• [Problem]: The response should be an exact transcription of the data below, free of images.

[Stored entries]
----

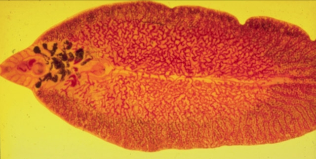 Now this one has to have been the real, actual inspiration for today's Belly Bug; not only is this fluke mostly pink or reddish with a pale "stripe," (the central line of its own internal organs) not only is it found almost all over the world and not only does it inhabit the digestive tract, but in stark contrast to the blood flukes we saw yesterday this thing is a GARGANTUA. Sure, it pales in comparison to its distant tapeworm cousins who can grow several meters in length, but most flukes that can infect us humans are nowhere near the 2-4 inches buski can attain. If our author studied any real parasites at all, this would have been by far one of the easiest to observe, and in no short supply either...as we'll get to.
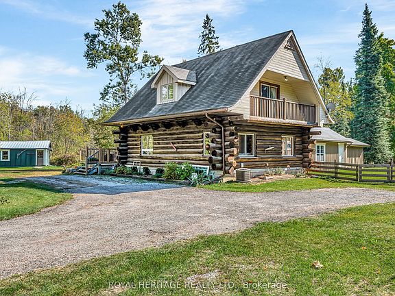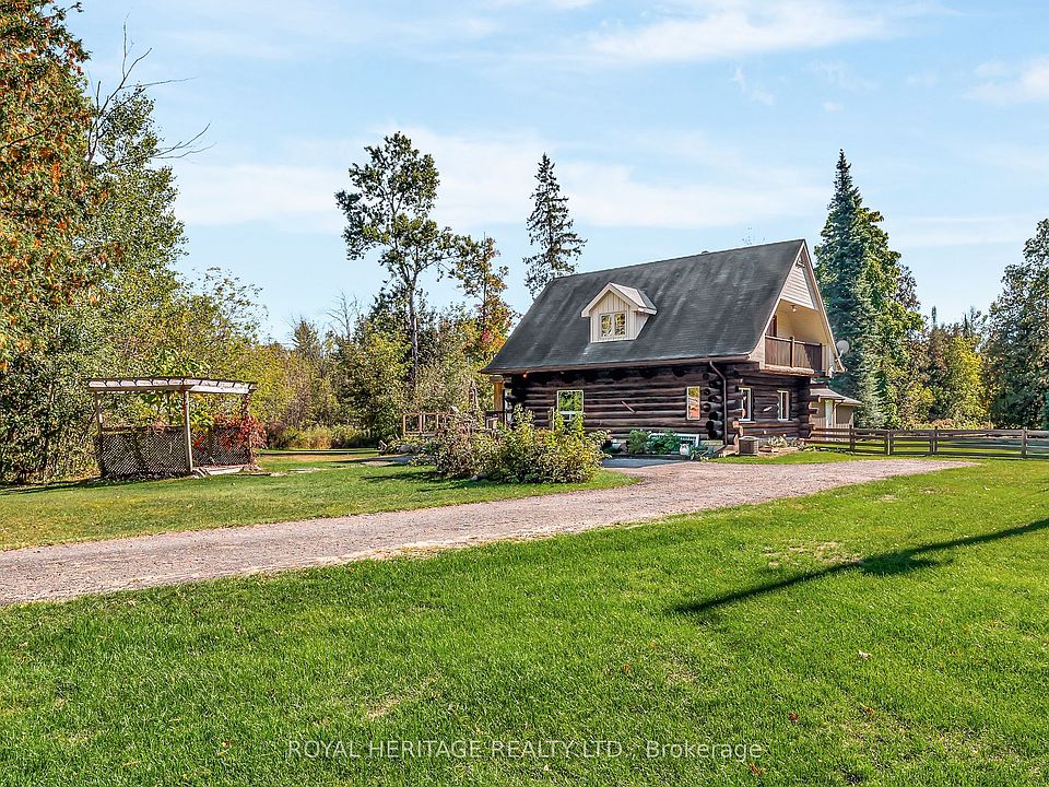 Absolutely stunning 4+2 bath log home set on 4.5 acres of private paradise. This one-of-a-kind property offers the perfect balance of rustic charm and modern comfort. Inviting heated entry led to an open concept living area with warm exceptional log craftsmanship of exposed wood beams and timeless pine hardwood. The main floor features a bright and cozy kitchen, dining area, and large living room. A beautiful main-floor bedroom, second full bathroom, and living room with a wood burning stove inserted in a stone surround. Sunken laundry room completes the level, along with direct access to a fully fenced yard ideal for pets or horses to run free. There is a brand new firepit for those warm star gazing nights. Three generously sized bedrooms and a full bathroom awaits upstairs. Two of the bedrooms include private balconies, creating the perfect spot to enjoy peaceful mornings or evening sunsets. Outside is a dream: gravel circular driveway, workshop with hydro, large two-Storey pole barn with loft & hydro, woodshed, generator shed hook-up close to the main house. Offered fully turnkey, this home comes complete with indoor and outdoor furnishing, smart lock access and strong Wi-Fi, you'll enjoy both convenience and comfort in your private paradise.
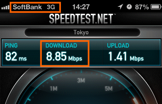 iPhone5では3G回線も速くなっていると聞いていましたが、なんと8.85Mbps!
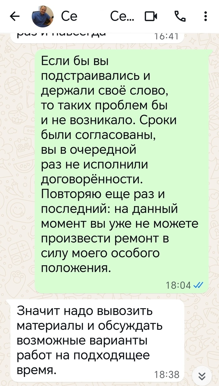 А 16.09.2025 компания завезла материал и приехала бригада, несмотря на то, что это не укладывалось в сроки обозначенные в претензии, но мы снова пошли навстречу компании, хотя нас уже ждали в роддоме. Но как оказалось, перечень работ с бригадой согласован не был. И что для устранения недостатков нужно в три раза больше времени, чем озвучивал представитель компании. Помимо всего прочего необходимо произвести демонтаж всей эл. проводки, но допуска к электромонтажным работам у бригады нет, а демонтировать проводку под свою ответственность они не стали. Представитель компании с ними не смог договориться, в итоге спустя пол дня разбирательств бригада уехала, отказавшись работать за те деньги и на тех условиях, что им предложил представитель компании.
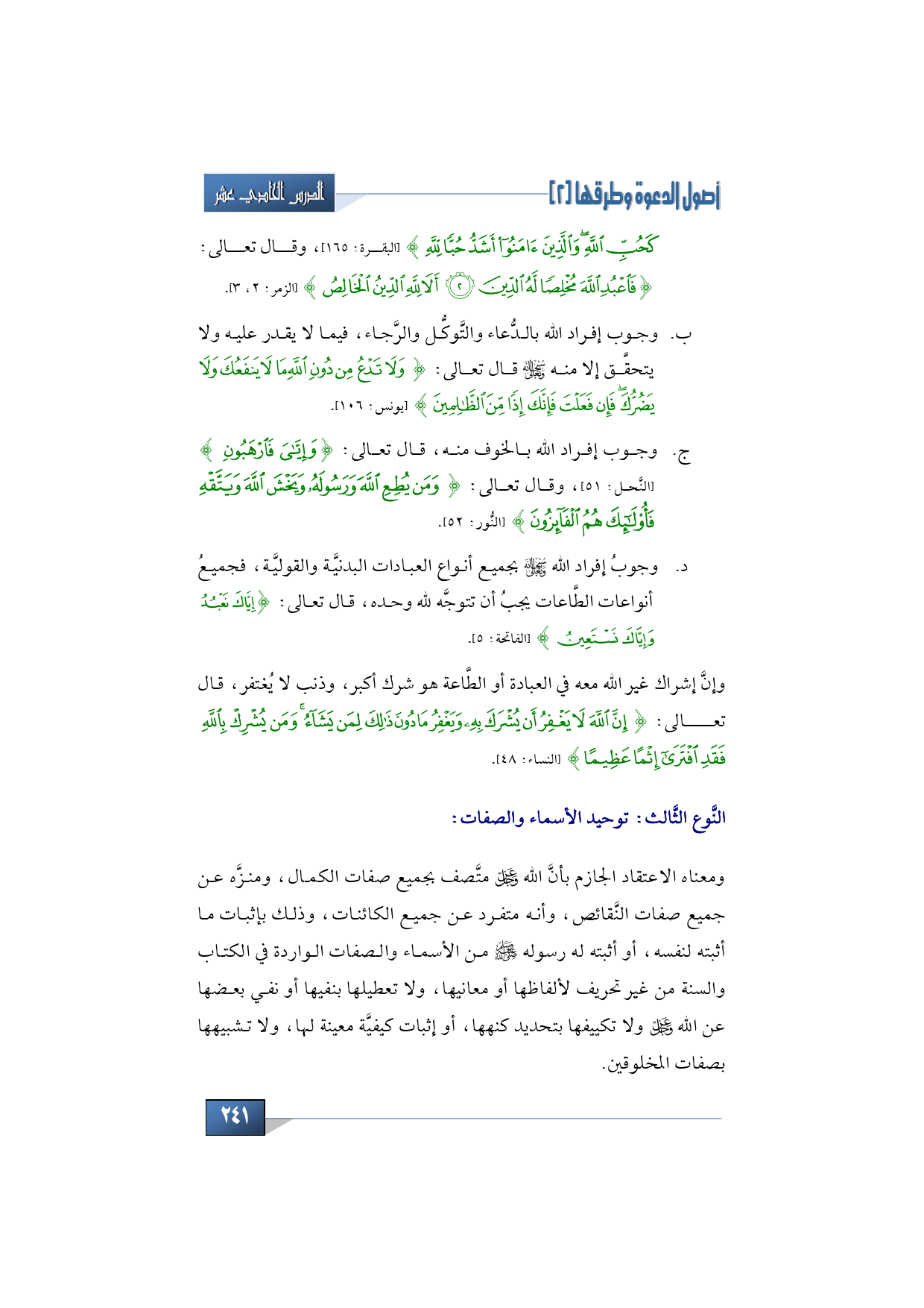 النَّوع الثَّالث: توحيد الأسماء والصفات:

----

• [Written response]:
 Now this one has to have been the real, actual inspiration for today's Belly Bug; not only is this fluke mostly pink or reddish with a pale "stripe," (the central line of its own internal organs) not only is it found almost all over the world and not only does it inhabit the digestive tract, but in stark contrast to the blood flukes we saw yesterday this thing is a GARGANTUA. Sure, it pales in comparison to its distant tapeworm cousins who can grow several meters in length, but most flukes that can infect us humans are nowhere near the 2-4 inches buski can attain. If our author studied any real parasites at all, this would have been by far one of the easiest to observe, and in no short supply either...as we'll get to.
 Absolutely stunning 4+2 bath log home set on 4.5 acres of private paradise. This one-of-a-kind property offers the perfect balance of rustic charm and modern comfort. Inviting heated entry led to an open concept living area with warm exceptional log craftsmanship of exposed wood beams and timeless pine hardwood. The main floor features a bright and cozy kitchen, dining area, and large living room. A beautiful main-floor bedroom, second full bathroom, and living room with a wood burning stove inserted in a stone surround. Sunken laundry room completes the level, along with direct access to a fully fenced yard ideal for pets or horses to run free. There is a brand new firepit for those warm star gazing nights. Three generously sized bedrooms and a full bathroom awaits upstairs. Two of the bedrooms include private balconies, creating the perfect spot to enjoy peaceful mornings or evening sunsets. Outside is a dream: gravel circular driveway, workshop with hydro, large two-Storey pole barn with loft & hydro, woodshed, generator shed hook-up close to the main house. Offered fully turnkey, this home comes complete with indoor and outdoor furnishing, smart lock access and strong Wi-Fi, you'll enjoy both convenience and comfort in your private paradise.
 iPhone5では3G回線も速くなっていると聞いていましたが、なんと8.85Mbps!
 А 16.09.2025 компания завезла материал и приехала бригада, несмотря на то, что это не укладывалось в сроки обозначенные в претензии, но мы снова пошли навстречу компании, хотя нас уже ждали в роддоме. Но как оказалось, перечень работ с бригадой согласован не был. И что для устранения недостатков нужно в три раза больше времени, чем озвучивал представитель компании. Помимо всего прочего необходимо произвести демонтаж всей эл. проводки, но допуска к электромонтажным работам у бригады нет, а демонтировать проводку под свою ответственность они не стали. Представитель компании с ними не смог договориться, в итоге спустя пол дня разбирательств бригада уехала, отказавшись работать за те деньги и на тех условиях, что им предложил представитель компании.
 النَّوع الثَّالث: توحيد الأسماء والصفات:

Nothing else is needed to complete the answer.